AIM OF THE EXERCISE
In your copy, set down the entries exactly and exclude the pictures.

Extracted data entries:

+ + + + + + +

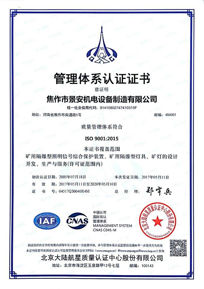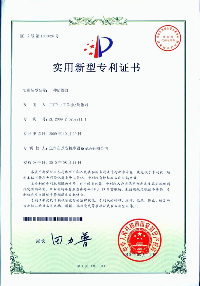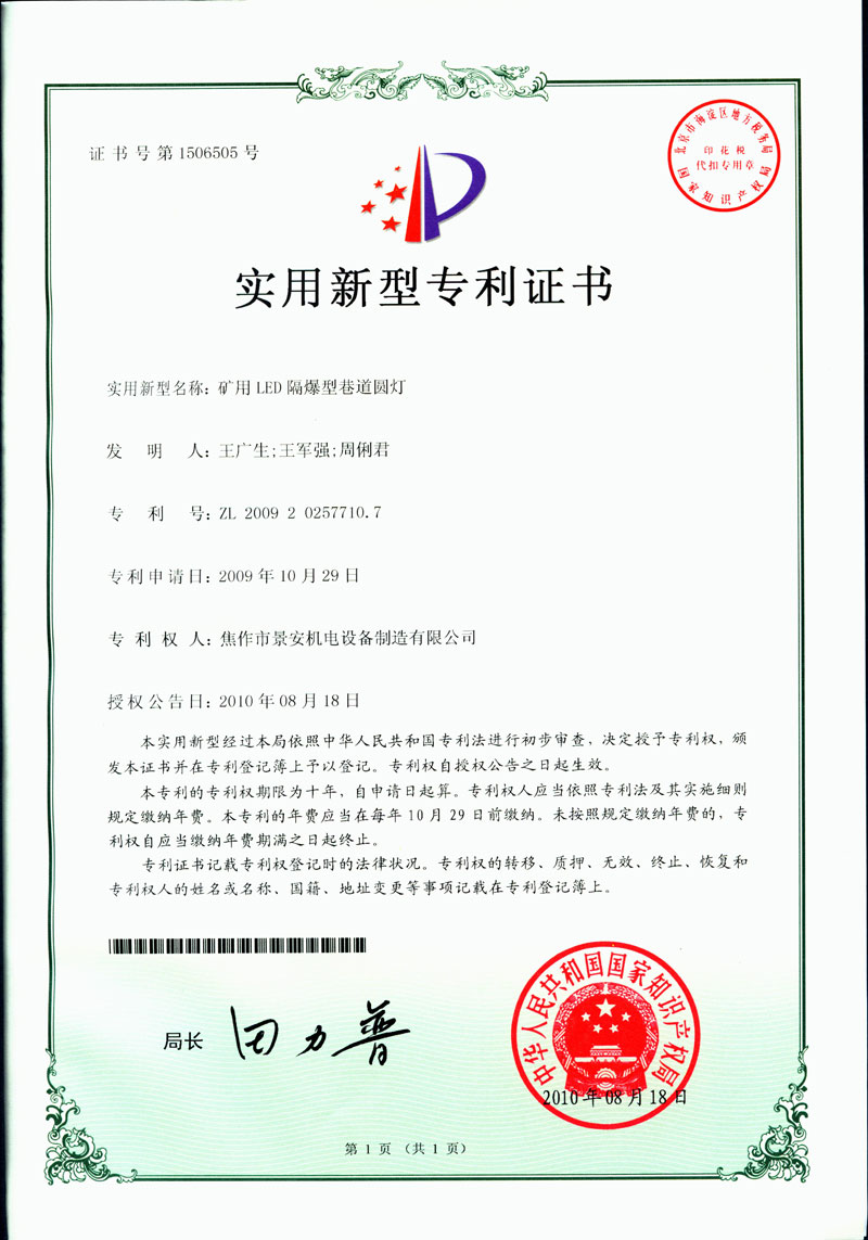 焦作景安公司始終堅持“以科技為先導(dǎo),以市場為導(dǎo)向”的發(fā)展戰(zhàn)略,不斷進行新產(chǎn)品的研制和開發(fā),在國家“六五”到“九五”期間,承擔和參與了國家多項科技攻關(guān)項目。并被中國電器工業(yè)協(xié)會評定為“質(zhì)量可信產(chǎn)品”。特別是在礦用防爆燈領(lǐng)域,礦用隔爆型半導(dǎo)體(LED)照明燈具,2008年列入國家火炬計劃,獲2009年河南省工業(yè)和信息化廳的科技成果二等獎,并擁有多項國家專利。 |
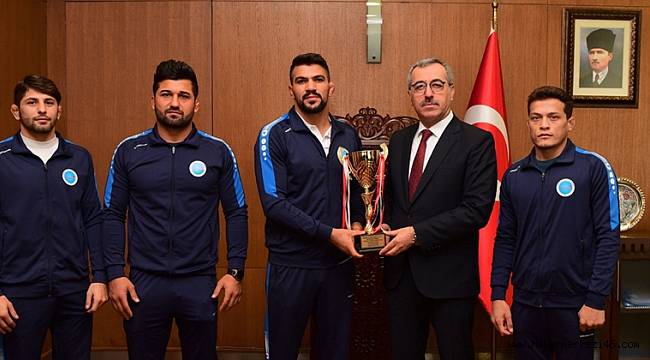 Kahramanmaraş’taki Türkiye Büyükler Serbest Güreş Şampiyonası'nda takım halinde Türkiye Üçüncüsü olan Büyükşehir Belediye sporcularını makamında ağırlayan Başkan Güngör, “42 şehirden 109 takım ve 700’ün üzerinde sporcunun katıldığı şampiyonada sporcularımız takım halinde 3. olarak bize gururu yaşattılar” dedi.
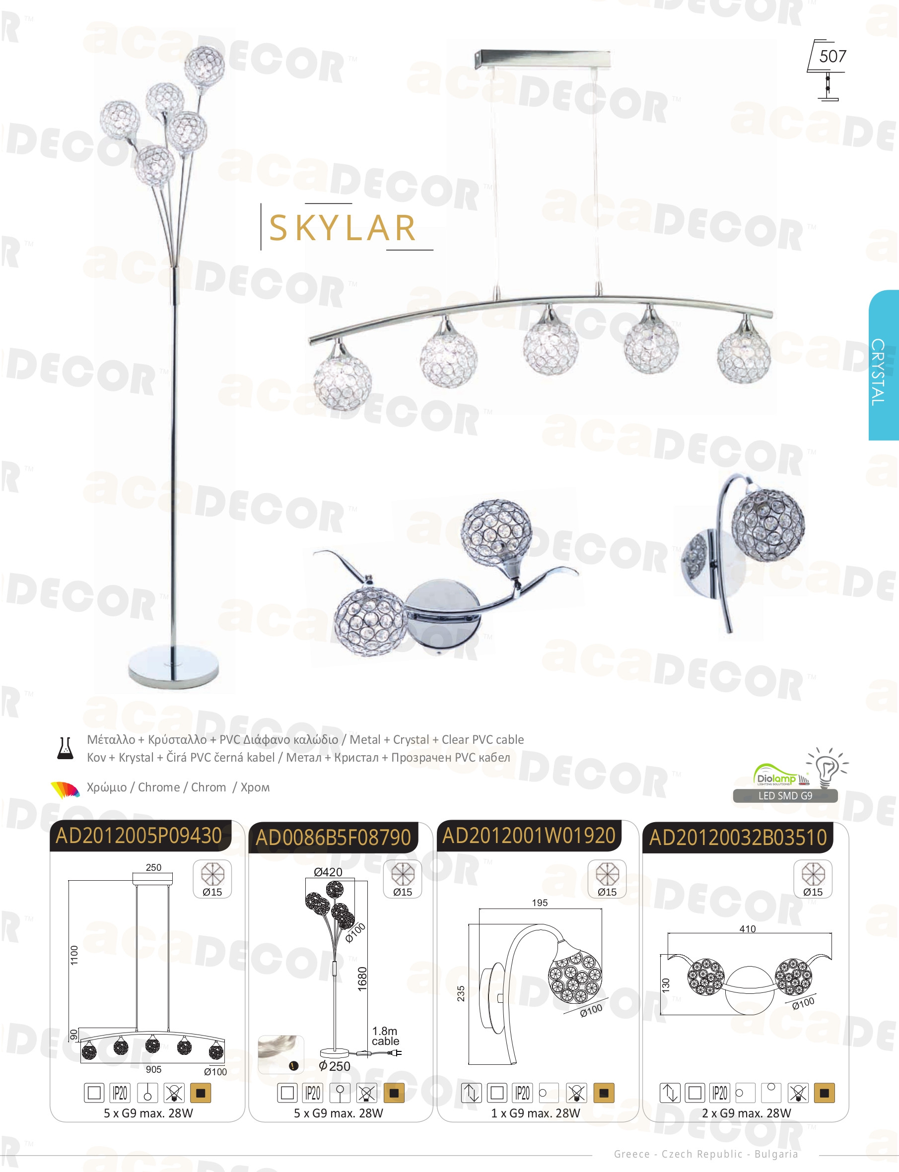 Осветителното тяло AD20120032B ще осигури комфорт и естетика във всяко помещение, в което се постави. Цялостната визия и дизайн на лампата и вложените в изработката й материали, като хромиран метал, прозрачен кристал, ще допринесат за един неповторим стил. Благодарение на дългогодишния опит, качествените материали и строгия контрол на качеството на изработка на производителя ACA-Lighting (Гърция), AD20120032B е на високо европейско ниво.
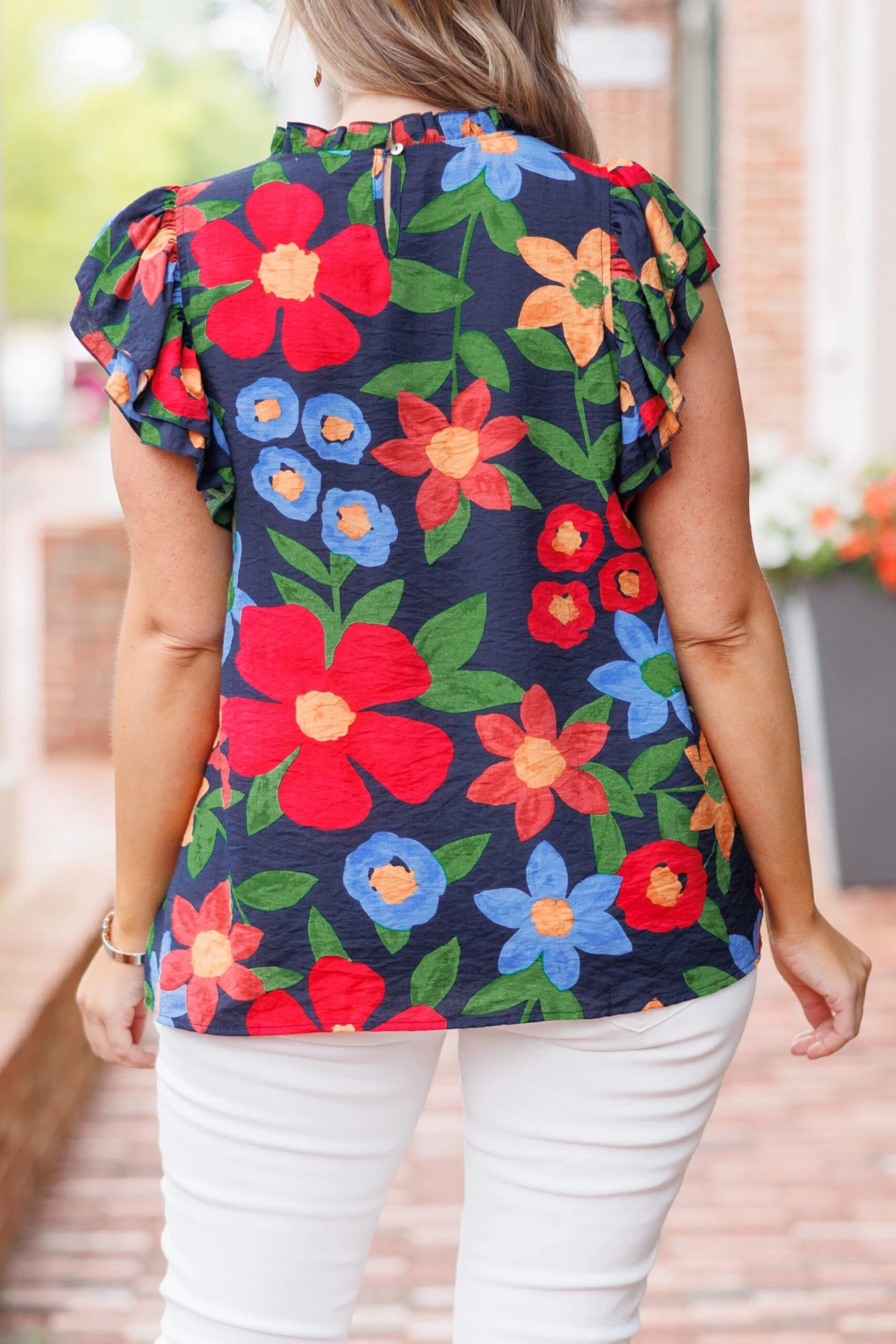 Stay cool and comfortable in this dazzling top! This beautiful design features a delicate floral pattern, a classic navy hue, and flutter sleeves! Perfect for any summer occasion, this top will keep you looking and feeling your best!
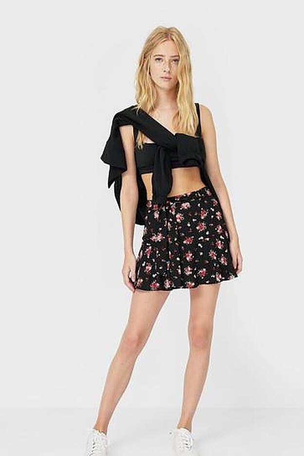Se trata de una falda pantalón fluida estampada, de tiro alto con detalle de lazo en cintura y bajo acabado en volante. Un diseño muy mono que lo mejor está en su precio. ¡Cuesta solo 15,99 euros! Un chollo, ¿verdad? Mejor que muchas prendas de rebajas. Pero es que además, puedes comprarla en estampado de lunares blanca y negra para unirte a la tendencia de la temporada, en diferentes tipos de flores, en malva -el color de la temporada- y hasta de animal print.
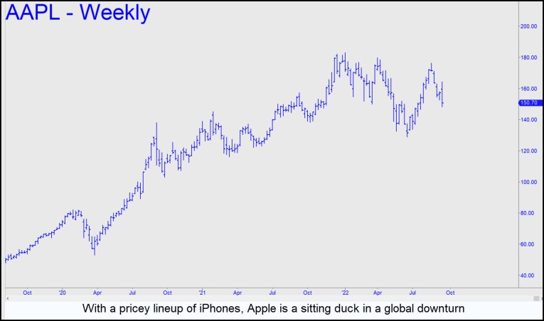 Which brings us to the bear rally in stocks. I've been looking anxiously over my shoulder, waiting for a crazy-loco short-squeeze to make investors forget we are so deeply in debt that only a full-blown depression can pay it off. This will come mainly through bankruptcies, in relentless deflationary waves that will make us nostalgic for today's rampaging consumer inflation. Wall Street chose AAPL to distract us from this grim reality, but the ruse failed. Employing subterfuge that I described here in great detail and with relatively small outlays of cash, DaBoyz levitated the biggest-cap stock in the world to within 3.7% of new all-time highs. Unfortunately, they were unable to hold Leviathan aloft indefinitely until the broad averages faked their way higher against the weight of a bear market.
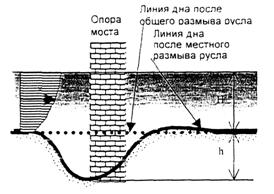 максимальная глубина местного размыва у опоры моста составит h =
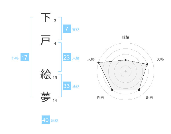 下戸 絵夢さんを姓名の画数から五運を鑑定

+ + + + + + +

ANSWER SECTION
 焦作景安公司始終堅持“以科技為先導(dǎo),以市場為導(dǎo)向”的發(fā)展戰(zhàn)略,不斷進行新產(chǎn)品的研制和開發(fā),在國家“六五”到“九五”期間,承擔和參與了國家多項科技攻關(guān)項目。并被中國電器工業(yè)協(xié)會評定為“質(zhì)量可信產(chǎn)品”。特別是在礦用防爆燈領(lǐng)域,礦用隔爆型半導(dǎo)體(LED)照明燈具,2008年列入國家火炬計劃,獲2009年河南省工業(yè)和信息化廳的科技成果二等獎,并擁有多項國家專利。 |
 Kahramanmaraş’taki Türkiye Büyükler Serbest Güreş Şampiyonası'nda takım halinde Türkiye Üçüncüsü olan Büyükşehir Belediye sporcularını makamında ağırlayan Başkan Güngör, “42 şehirden 109 takım ve 700’ün üzerinde sporcunun katıldığı şampiyonada sporcularımız takım halinde 3. olarak bize gururu yaşattılar” dedi.
 Осветителното тяло AD20120032B ще осигури комфорт и естетика във всяко помещение, в което се постави. Цялостната визия и дизайн на лампата и вложените в изработката й материали, като хромиран метал, прозрачен кристал, ще допринесат за един неповторим стил. Благодарение на дългогодишния опит, качествените материали и строгия контрол на качеството на изработка на производителя ACA-Lighting (Гърция), AD20120032B е на високо европейско ниво.
 Stay cool and comfortable in this dazzling top! This beautiful design features a delicate floral pattern, a classic navy hue, and flutter sleeves! Perfect for any summer occasion, this top will keep you looking and feeling your best!
Se trata de una falda pantalón fluida estampada, de tiro alto con detalle de lazo en cintura y bajo acabado en volante. Un diseño muy mono que lo mejor está en su precio. ¡Cuesta solo 15,99 euros! Un chollo, ¿verdad? Mejor que muchas prendas de rebajas. Pero es que además, puedes comprarla en estampado de lunares blanca y negra para unirte a la tendencia de la temporada, en diferentes tipos de flores, en malva -el color de la temporada- y hasta de animal print.
 Which brings us to the bear rally in stocks. I've been looking anxiously over my shoulder, waiting for a crazy-loco short-squeeze to make investors forget we are so deeply in debt that only a full-blown depression can pay it off. This will come mainly through bankruptcies, in relentless deflationary waves that will make us nostalgic for today's rampaging consumer inflation. Wall Street chose AAPL to distract us from this grim reality, but the ruse failed. Employing subterfuge that I described here in great detail and with relatively small outlays of cash, DaBoyz levitated the biggest-cap stock in the world to within 3.7% of new all-time highs. Unfortunately, they were unable to hold Leviathan aloft indefinitely until the broad averages faked their way higher against the weight of a bear market.
 максимальная глубина местного размыва у опоры моста составит h =
 下戸 絵夢さんを姓名の画数から五運を鑑定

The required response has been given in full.